Cette démolition devra intervenir dans le délai de six mois à compter de la signification du présent arrêt, sous peine, passé ce délai, d'une astreinte de 10 000 FCP par jour de retard pendant six mois à l'issue desquels il sera éventuellement à nouveau statué.
Il serait inéquitable de laisser à la charge de [C] [O] la totalité de ses frais irrépétibles d'appel et il doit donc lui être alloué la somme de 226 000 FCP, sur le fondement de l'article 407 du code de procédure civile de la Polynésie française.

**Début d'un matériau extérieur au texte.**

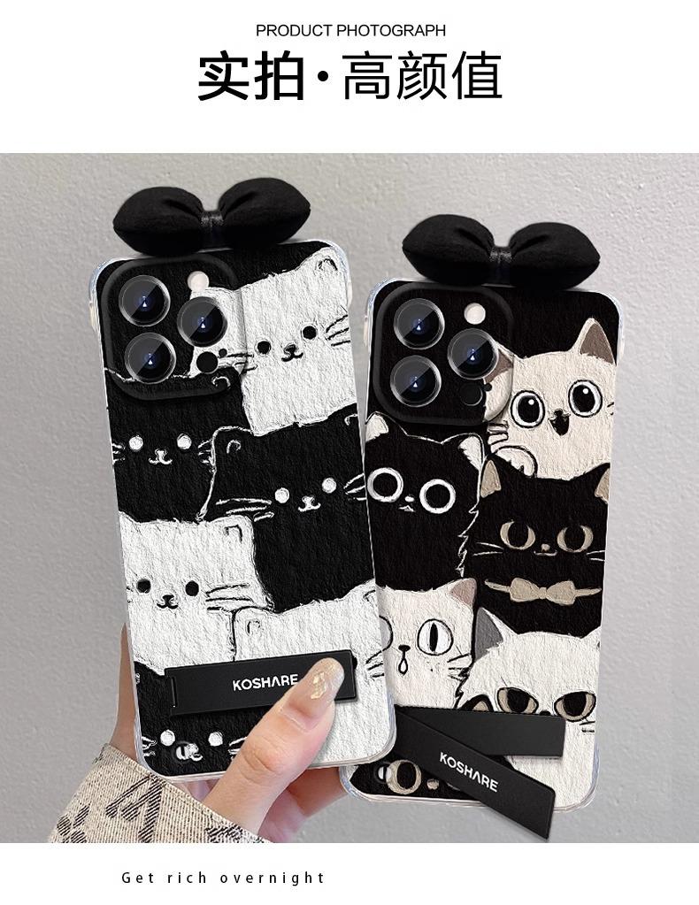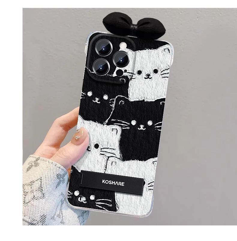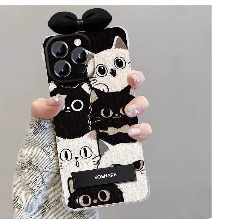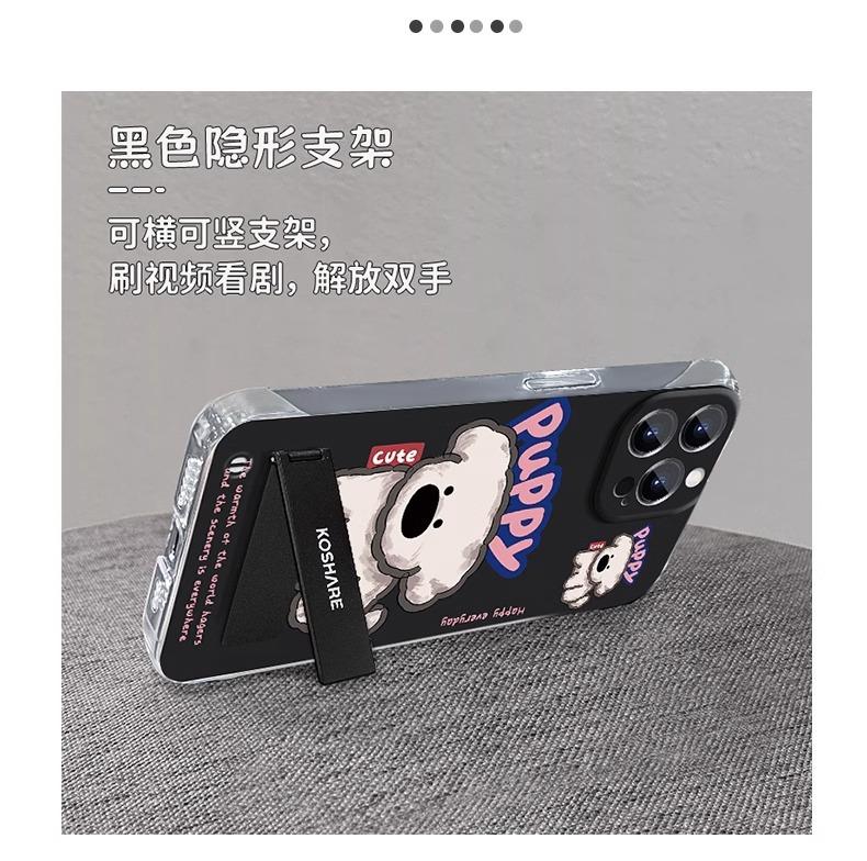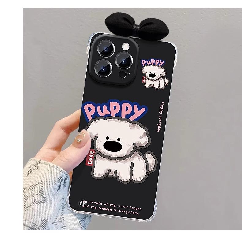 Soporte de lazo de cachorro de dibujos animados para funda de teléfono Apple 14 13PROMAX transparente sin marco 12 ultrafino XR
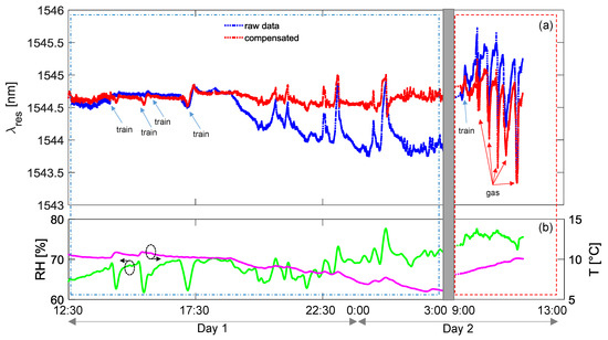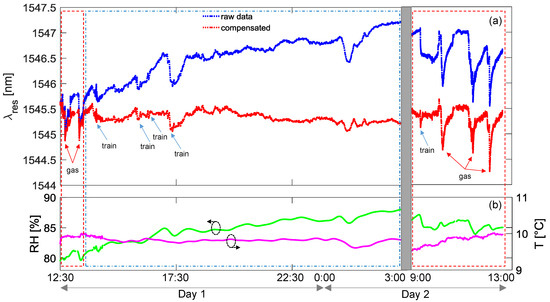 We focus now on the time interval from 13:00 h of Day 1 to the following morning of Day 2 in Figure 8, when no leakage test could be performed due to train transits. In this period, the behavior of the (raw) resonance wavelength exhibits a slow monotonic increase of about 2.0 nm, with the presence of faster changes, principally due to the transit of trains (indicated by blue arrows in figure). The former effect is directly related to environmental changes and in particular to the relative humidity increasing from 81% to 88%, while the temperature variations were lower than 2 °C. This effect is quasi-completely compensated in the red curve reported in the same figure. Concerning the second effect, the train transits induce faster changes in the humidity sensor response and faster changes in temperature curve. However, from compensated data, it can be noted that in some cases the response of the sensor to trains is almost trivial, whereas in other cases it is more pronounced and not always completely compensated. We believe that this could be attributed to the exhaust gas from diesel-powered trains and thus could disappear in the case of electric trains. Additionally, another event resulting in a fast change of the raw resonant wavelength as well as the humidity curve is measured after midnight, which is not related to a train transit and is well compensated in the red curve.

La partie qui succombe doit supporter les dépens.
PAR CES MOTIFS,
La Cour, contradictoirement et en dernier ressort ;
Déclare recevables l'appel principal formé par [C] [O] à l'encontre du jugement rendu le 26 juin 2019 et l'appel incident formé par [P] [IP] veuve [Z] à l'encontre du jugement rendu le 23 août 2018 ;
Constate que la cour d'appel n'est pas saisie des demandes concernant les chefs du jugement en date du 26 juin 2019 relatives à la propriété de la terre [Adresse 7] lot 5 cadastrée EH [Cadastre 2] ;
En conséquence, dit n'y avoir lieu de statuer sur la confirmation du jugement rendu le 26 juin 2019 sollicitée par [P] [IP] veuve [Z], ni sur les appels en cause sollicités par [C] [O] ;
Confirme le jugement rendu le 23 août 2018 par le tribunal foncier de la Polynésie française section 1 en ce qu'il a rejeté la demande de [P] [IP] tendant à être déclarée propriétaire d'une partie du lot 6 zone C de la terre [Adresse 3] cadastrée EI [Cadastre 1] située à [Localité 4] ;
Prononce la résiliation du bail conclu le 6 février 2007 entre [L] [G] dit [K] et [P] [IP] veuve [Z] aux torts de la locataire ;
Dit que [P] [IP] veuve [Z] doit verser à [C] [O] la somme de 780 000 FCP, avec intérêts au taux légal à compter de la signification du présent arrêt, au titre des loyers impayés ;
Dit que [P] [IP] veuve [Z] ainsi que tous occupants de son chef devront avoir quitté la terre [Adresse 3] lot 6 située à [Localité 4] cadastrée EI [Cadastre 1] dans le délai de six mois à compter de la signification du présent arrêt, sous peine, passé ce délai, d'une astreinte de 10 000 FCP par jour de retard pendant six mois à l'issue desquels il sera éventuellement à nouveau statué ;
Dit que, passé le délai de six mois à compter de la signification du présent arrêt, il pourra être procédé à l'expulsion de [P] [IP] veuve [Z] ainsi qu'à celle de tous occupants de son chef, avec l'aide de la force publique, si besoin est ;
Dit que [P] [IP] veuve [Z] doit verser à [C] [O] une indemnité d'occupation mensuelle de 13 000 FCP à compter du mois suivant la signification du présent arrêt et jusqu'à complète libération des lieux ;
Ordonne la démolition de la maison d'habitation de [P] [IP] veuve [Z] édifiée à cheval sur la terre [Adresse 7] lot 5 située à [Localité 4] cadastrée EH [Cadastre 2] et la terre [Adresse 3] lot 6 située à [Localité 4] cadastrée EI [Cadastre 1] ;
Dit que cette démolition devra intervenir dans le délai de six mois à compter de la signification du présent arrêt, sous peine, passé ce délai, d'une astreinte de 10 000 FCP par jour de retard pendant six mois à l'issue desquels il sera éventuellement à nouveau statué ;
Dit [P] [IP] veuve [Z] doit verser à [C] [O] la somme de 226 000 FCP, sur le fondement de l'article 407 du code de procédure civile de la Polynésie française ;
Rejette toutes autres demandes formées par les parties ;
Dit que [P] [IP] veuve [Z] supportera les dépens d'appel avec distraction au profit de Maître Hina Tracqui, avocate.
Prononcé à Papeete, le 14 septembre 2023.